EXERCISE MATERIALS START

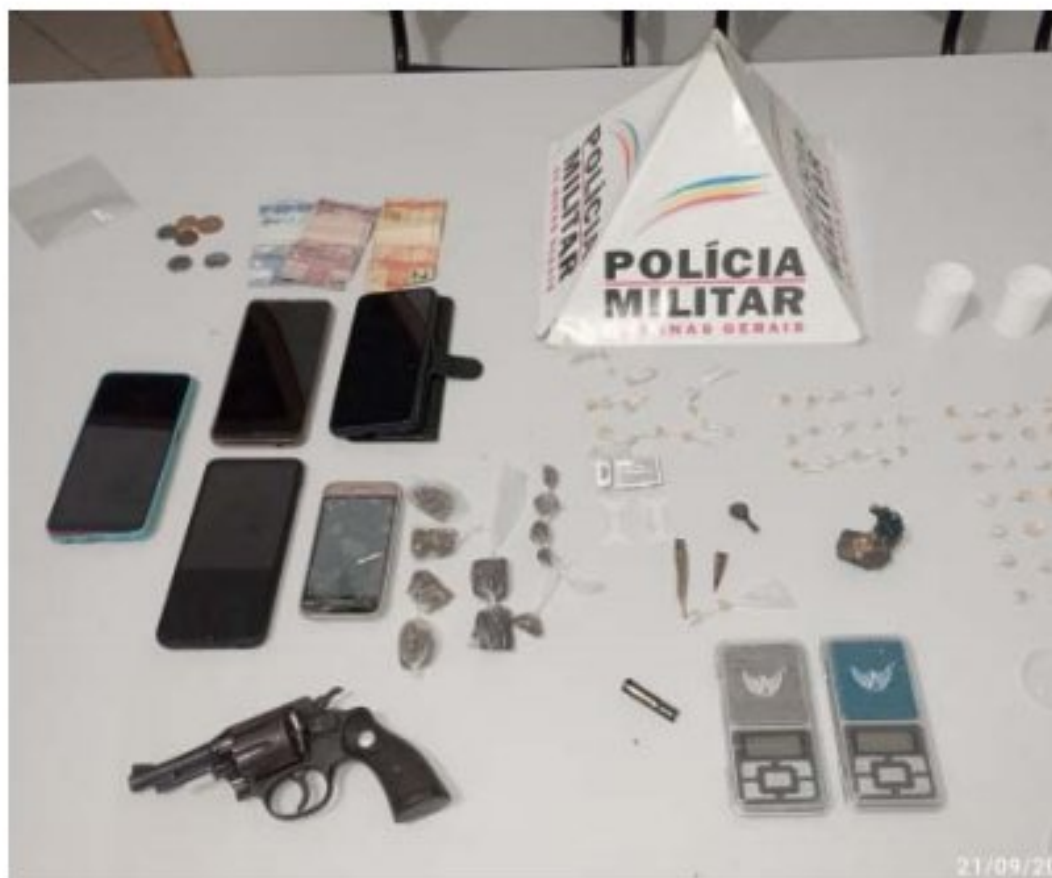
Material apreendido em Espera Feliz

EXERCISE MATERIALS END
EXERCISE MATERIALS START

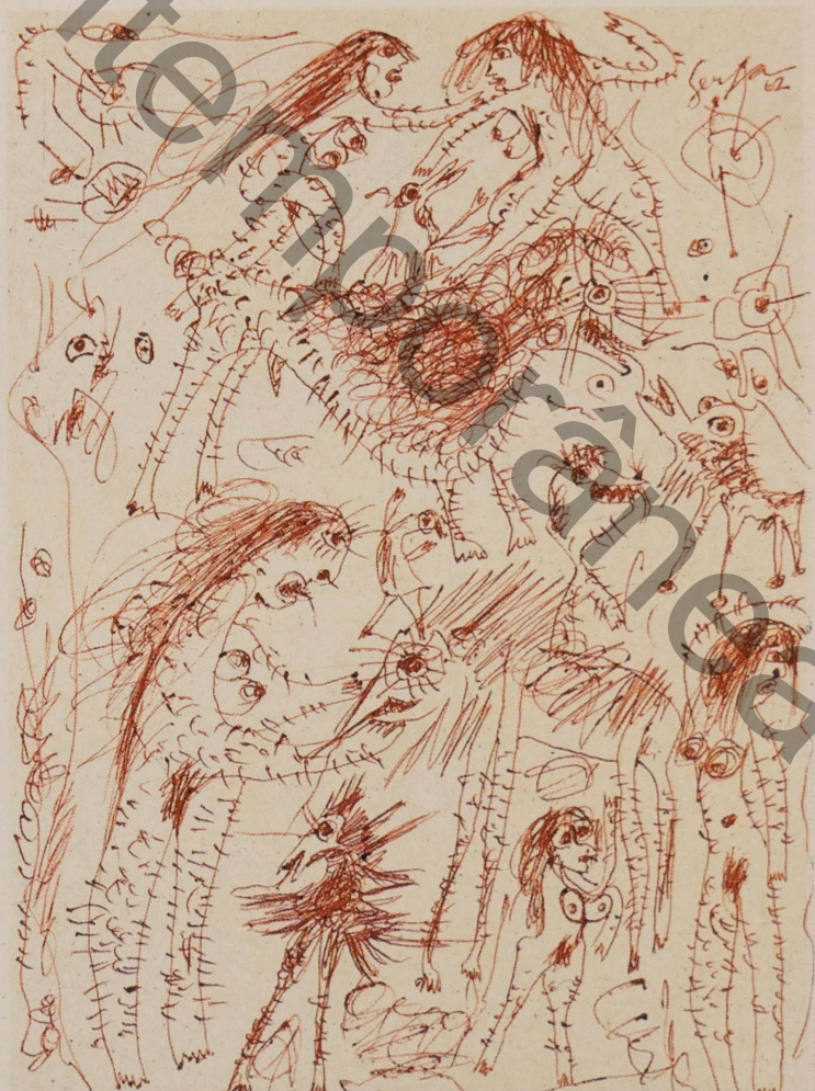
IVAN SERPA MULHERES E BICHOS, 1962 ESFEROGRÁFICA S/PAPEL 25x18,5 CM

EXERCISE MATERIALS END
EXERCISE MATERIALS START

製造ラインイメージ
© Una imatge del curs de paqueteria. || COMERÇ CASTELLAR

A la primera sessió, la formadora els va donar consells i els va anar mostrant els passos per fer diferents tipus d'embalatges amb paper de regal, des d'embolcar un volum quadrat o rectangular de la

EXERCISE MATERIALS END

**TASK ITEM:**
For this exercise, repeat exactly the lines of the data above from the one with "paqueteria. || COMERÇ CASTELLAR" down to the one with "A la primera", both end lines included.

**WRITTEN SOLUTION:**
© Una imatge del curs de paqueteria. || COMERÇ CASTELLAR

A la primera sessió, la formadora els va donar consells i els va anar mostrant els passos per fer diferents tipus d'embalatges amb paper de regal, des d'embolcar un volum quadrat o rectangular de la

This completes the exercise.